— What you will do —
From the first line to the last, set down the material exactly, leaving out its pictures.

— Information supplied —
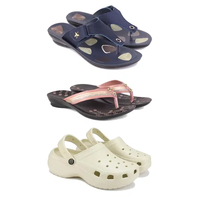 Combo of Flats with Clogs for Women, Set of 3 (Multicolor, 8)
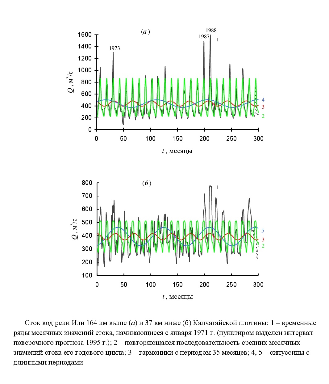 Анализ колебаний во временных рядах месячных значений стока р. Или за 1971—1994 гг. методом “Периодичностей” в створах, расположенных 164 км выше и 37 км ниже Капчагайской ГЭС, выявил по девять гармоник с длинами периодов более 1.5 лет. Установленные синусоиды вместе с повторяющимися последовательностями средних месячных значений стока в годовом цикле использованы в различных схемах прогнозирования стока по месяцам и в целом на 1995 г. Результаты поверочных прогнозов оценивались на новом независимом материале. Регулирование стока водохранилищем приводит к некоторому снижению его среднего значения, сглаживанию и нарушению ритмичности годового цикла. Многолетние периоды отчетливее проявляются в колебаниях стока ниже плотины. Несмотря на воздействие ГЭС, среди прочих синусоид в обоих рядах оказались выявлены гармоники с одинаковыми периодами длиной соответственно 25 и 35 месяцев. Возможно, они достовернее и их целесообразнее применять для оценок будущего стока по сравнению с синусоидами, периоды которых установлены только в одном из рядов. Сток р. Или в 1995 г. выше Капчагайской ГЭС был экстремально низким, а ниже — близким к среднему значению временного ряда. По многим использованным методикам прогнозов их результаты для стока выше плотины оказались лучше его оценок на будущее по среднему значению временного ряда, а ниже плотины фактическая ошибка прогнозирования была меньше допустимой. Поэтому прогнозы по ним по месяцам и на год в целом могут быть оценены как не хуже, чем удовлетворительные и приемлемые.
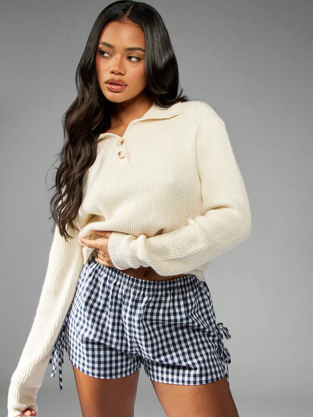 MISSGUIDED Rippstrickpullover mit Kragen und Knopfdetails
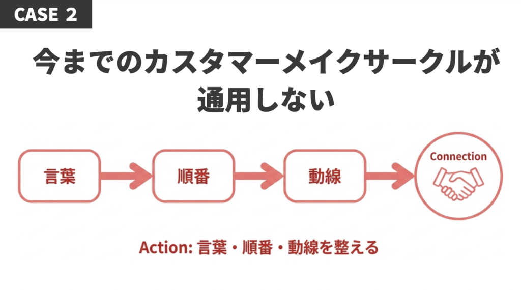 ケース②従来の流れが通用せず、言葉→順番→動線を整え「今すぐ」より「明日も考えたくなる言葉」を設計

— Your response —
 Combo of Flats with Clogs for Women, Set of 3 (Multicolor, 8)
 Анализ колебаний во временных рядах месячных значений стока р. Или за 1971—1994 гг. методом “Периодичностей” в створах, расположенных 164 км выше и 37 км ниже Капчагайской ГЭС, выявил по девять гармоник с длинами периодов более 1.5 лет. Установленные синусоиды вместе с повторяющимися последовательностями средних месячных значений стока в годовом цикле использованы в различных схемах прогнозирования стока по месяцам и в целом на 1995 г. Результаты поверочных прогнозов оценивались на новом независимом материале. Регулирование стока водохранилищем приводит к некоторому снижению его среднего значения, сглаживанию и нарушению ритмичности годового цикла. Многолетние периоды отчетливее проявляются в колебаниях стока ниже плотины. Несмотря на воздействие ГЭС, среди прочих синусоид в обоих рядах оказались выявлены гармоники с одинаковыми периодами длиной соответственно 25 и 35 месяцев. Возможно, они достовернее и их целесообразнее применять для оценок будущего стока по сравнению с синусоидами, периоды которых установлены только в одном из рядов. Сток р. Или в 1995 г. выше Капчагайской ГЭС был экстремально низким, а ниже — близким к среднему значению временного ряда. По многим использованным методикам прогнозов их результаты для стока выше плотины оказались лучше его оценок на будущее по среднему значению временного ряда, а ниже плотины фактическая ошибка прогнозирования была меньше допустимой. Поэтому прогнозы по ним по месяцам и на год в целом могут быть оценены как не хуже, чем удовлетворительные и приемлемые.
 MISSGUIDED Rippstrickpullover mit Kragen und Knopfdetails
 ケース②従来の流れが通用せず、言葉→順番→動線を整え「今すぐ」より「明日も考えたくなる言葉」を設計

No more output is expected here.